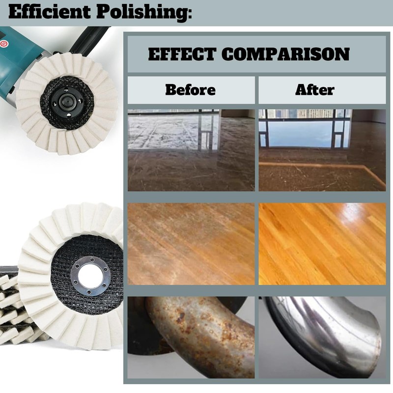- 【Wool Felt Flap Discs Polishing Wheel - Widely Applicable】This polishing pad has a wide range of applications, it can be used for polishing and grinding of many materials, such as stainless steel, copper, aluminum and other metals, and glass, acrylic board, ceramic tile, ceramics, marble and other non-metal fine polishing.
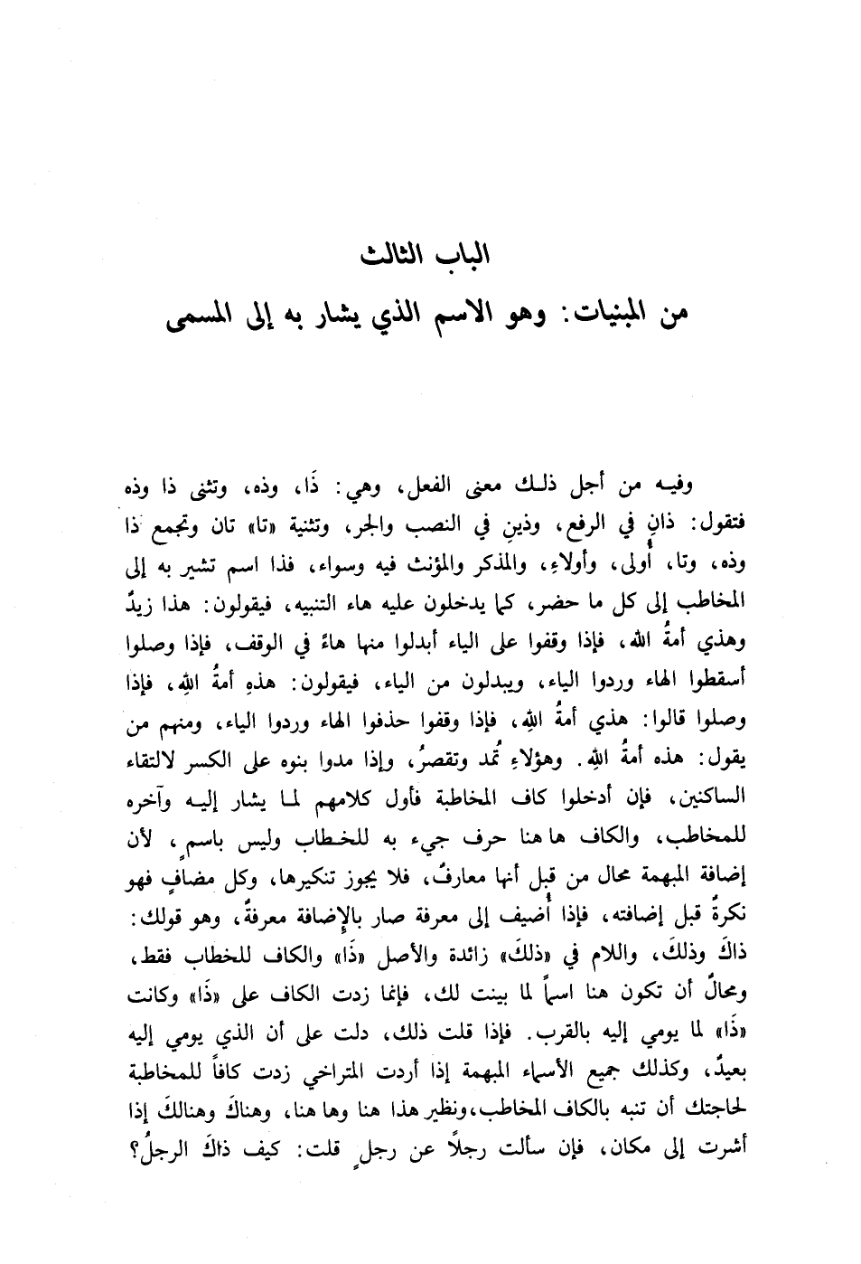 الباب الثالث من المبنيات: وهو الاسم الذي يشار به إلى المسمى.
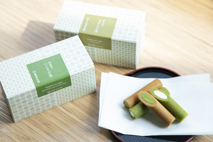 手に取るだけで心躍るパッケージとお茶請けにぴったりなお菓子「つじりの里」「ぎおんの里」(各8本・756円)
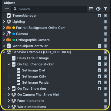 Each object under Face Interactions is an example of how you can connect your own script with Behavior. This is useful as Behavior can take care of some of the common Lens Studio specific code, while you can focus on the specific logic of the interactivity you want.
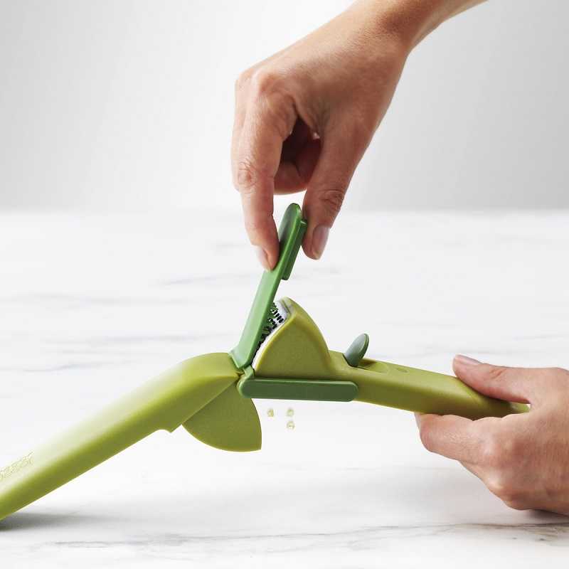 Прес для часнику Joseph Joseph CleanForce™ (20179) подрібнює часник без особливих зусиль і легко очищається за допомогою протирочного леза та практичного інструменту для чищення. Щоб видалити подрібнений часник, просто натисніть на гачок для спуску і начисто протріть притискну пластину. Залишки часнику, що залишилися в пресі, можна легко видалити за допомогою пристрою для очищення, розташованого в ручці. Воно має міцну щетину з одного боку для очищення отворів у плиті преса та закруглений край, який можна використовувати для видалення залишків шкірки з пресу.
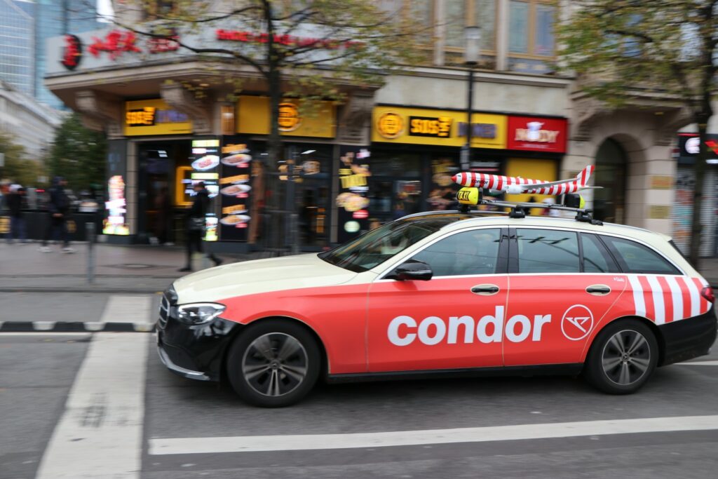 Zum Kampagnenstart im Oktober 2025 haben wir gemeinsam mit Condor, dentsuX und Cabvertising eine außergewöhnliche Sonderumsetzung realisiert, die die Marke Condor wortwörtlich zum Abheben bringt: Fünf gebrandete Taxis fahren aktuell durch Frankfurt, gekrönt von 3D-Condorflugzeugen auf den Dächern. In Grün, Rot und Blau schweben die ikonischen Condor-Streifen noch bis Mitte Februar 2026 durch die Stadt …
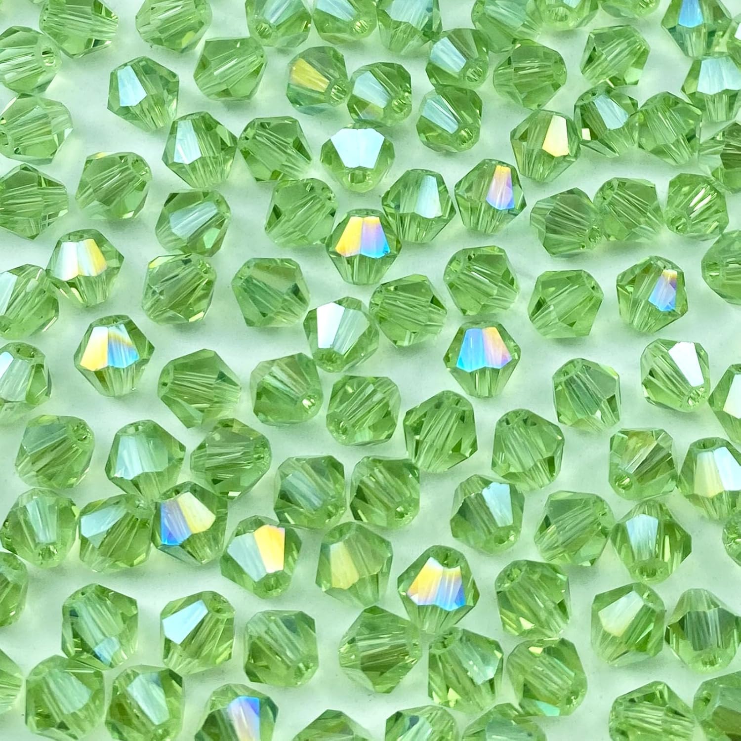 100pcs 8mm Bicone Crystal Glass Beads Loose Spacer Beads Faceted Craft Beads for Jewelry Making DIY Necklace Bracelet Earring Wind Chimes Suncatchers Ornamen(Light Green AB)
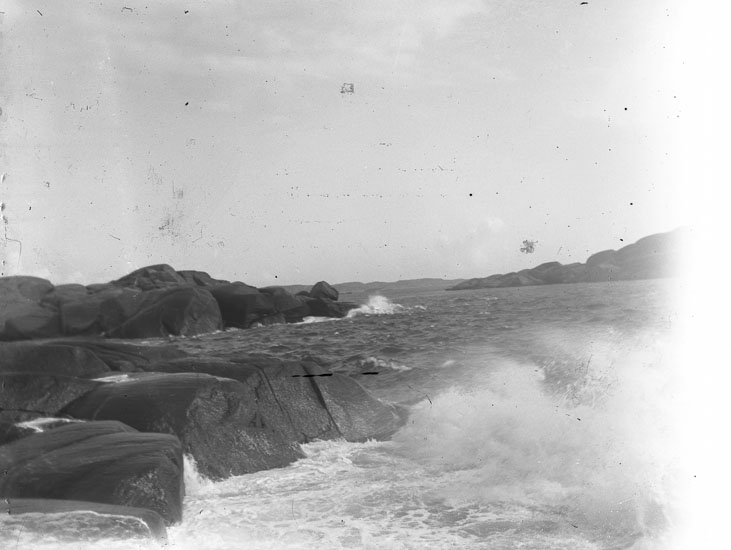 Enl. text i blå bok: "Brytand sjö vid klippstrand."
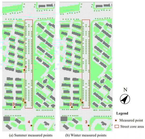 We conducted field measurements at 4 points during summer and 3 during winter within the study area to support the ENVI-met 5.6.1 simulation with model and meteorological data and verify its applicability and authenticity in this region (Figure 3). The measurements ran from 8:00 to 20:00, with data collected every 10 min, totaling 12 h of recorded data. The meteorological data were obtained from the NOAA and NCEI (site no. 54527099999, TIANJIN, CH; site no. 54527399999, BINHAI, CH).
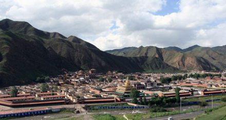 拉卜楞寺,位于甘南藏族自治州夏河縣城西0.5公里處。本名噶丹夏珠卜達(dá)吉益蘇奇貝瑯,簡(jiǎn)稱扎西奇寺,是我國(guó)藏傳佛教(即喇嘛教)格魯派(黃教)六大寺院之一,一般稱拉卜楞寺。第一世嘉木樣阿旺宋哲大師創(chuàng)建于清康熙四十八年(1709)?滴跷迨辏1714)建立“拉章”(即嘉木樣佛宮),“拉章”音變?yōu)椤袄防恪,意為寺院最高活佛府邸?/p>
● ● ● ●
▸ Work order: Starting at the first line of the entries, restate word for word everything through the line that holds "Each object under", both ends included, but omit any pictures.

▸ Result below:
- 【Wool Felt Flap Discs Polishing Wheel - Widely Applicable】This polishing pad has a wide range of applications, it can be used for polishing and grinding of many materials, such as stainless steel, copper, aluminum and other metals, and glass, acrylic board, ceramic tile, ceramics, marble and other non-metal fine polishing.
 الباب الثالث من المبنيات: وهو الاسم الذي يشار به إلى المسمى.
 手に取るだけで心躍るパッケージとお茶請けにぴったりなお菓子「つじりの里」「ぎおんの里」(各8本・756円)
 Each object under Face Interactions is an example of how you can connect your own script with Behavior. This is useful as Behavior can take care of some of the common Lens Studio specific code, while you can focus on the specific logic of the interactivity you want.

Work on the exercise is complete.